Uma pessoa bilionária precisa ter um chefe?

No mundo atual existem muitos exemplos de empresários de sucessos, com muito dinheiro e que logo ficam mesmo bilionários! Só que o que pouca gente nota é que para isso acontecer, em boa parte das vezes, eles precisam de algo a mais…

Será que é preciso ter um chefe para conseguir esse sucesso? Aliás, que tipo de chefe estamos falando? Descubra algumas coisas que a gente não está acostumado a observar no mundo dos negócios lucrativos.

O exemplo da vida real

Há 35 anos, Jimmy John Liautaud, abriu o Jimmy John’s, uma lanchonete.

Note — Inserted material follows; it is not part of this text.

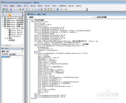 5.在VBA编纂界面,写入指定的VBA代码,然后点击封闭按钮。

O que talvez ele não imaginava é que 3 décadas depois conseguiria ter um faturamento de 2 bilhões em mais de 2,8 mil estabelecimentos.

Porém, quem comanda todo esse sucesso não é a pessoa que dá o nome a empresa, mas sim a Roark Capital, uma empresa com sede em Atlanta que comprou a maior parte do negócio em 2016.

E na época, pagou cerca de 3 bilhões de dólares, com Jimmy John Liautaud mantendo 35% dos diretos.

Liautaud era quem tomava as decisões, mas agora passou a ser o responsável pelos alimentos e cultura, mesmo sendo o presidente do conselho. A Roark tem mais poderes, optando inclusive por ouvir ele ou não.

A história e como tudo aconteceu

Mesmo com todo o sucesso, a vida do empresário nem sempre foi essa maravilha, inclusive ele relembrou que passou por momentos difíceis dos 8 aos 12 anos, quando os pais não acertaram a mão nos negócios.

Segundo Liautaud, o início de sua vida foi um verdadeiro fracasso, com ele se formando em penúltimo na sua turma do ensino médio.

Após se formar, o seu pai deu 25 mil dólares a ele para que pudesse abrir um próprio negócio, com a única condição de se alistar no exército em até 1 ano.

O primeiro negócio de Liautaud

A sua ideia inicial era de uma barraquinha de cachorros quentes, mas como tudo era muito caro, optou pela Jimmy John’s, que estrategicamente foi localizada perto das universidades Eastern Illinois, sendo ele dono de 52% e o pai de 48% da empresa.

O primeiro público alvo da empresa foi justamente os estudantes, com Jimmy fazendo entregas nos dormitórios, cobrando US$ 0,25 de taxa. Ele trabalhava em média 18 horas por dia e foi aprendendo sobre o mundo das finanças.

Após o primeiro ano, o faturamento da empresa foi de 154 mil dólares, chegando a 40 mil dólares de lucro, na qual dividiu com o seu pai. No ano seguinte, ele conseguiu ainda mais dinheiro e comprou a parte do seu pai.

Além de pagar os 25 mil dólares que recebeu inicialmente, além de alguns juros.

A segunda loja de Liautaud

Em 1986, ele resolveu abrir uma segunda loja e assim começou a sua expansão.

8 anos depois, com 10 lojas, Liautaud passou a ter um lucro bruto de 1 milhão de dólares anualmente e então passou a começar a vender franquias, expandindo cada vez mais rápido.

Foi então em 2005 que Liautaud resolveu mudar e vender parte da sua empresa, sendo 28% por 130 milhões de dólares a Weston. Esse dinheiro foi investido, com a ideia de também viver de juros.

Passando mais 6 anos e com o negócio a todo vapor, Liautaud passou a ter muitas dificuldades para acompanhar todo o crescimento da empresa, já que em 2014 chegou a mais de 2 mil estabelecimentos.

O verdadeiro chefe

Com o seu parceiro também querendo vender ações, foi aí que entrou a Roark Capital na jogada, comprando a participação de Weston na empresa.

A lanchonete passou a figurar entre um dos maiores investimentos da Roark e, com isso, exigindo muita atenção.

Atualmente, os franqueados das Jimmy John’s são donos de 98% dos estabelecimentos e só em 2018, 148 novos estabelecimentos foram abertos.

Fato é que sem a parceria, um chefe ao lado, Liautaud não teria conseguido alcançar todo esse sucesso e hoje ser um bilionário.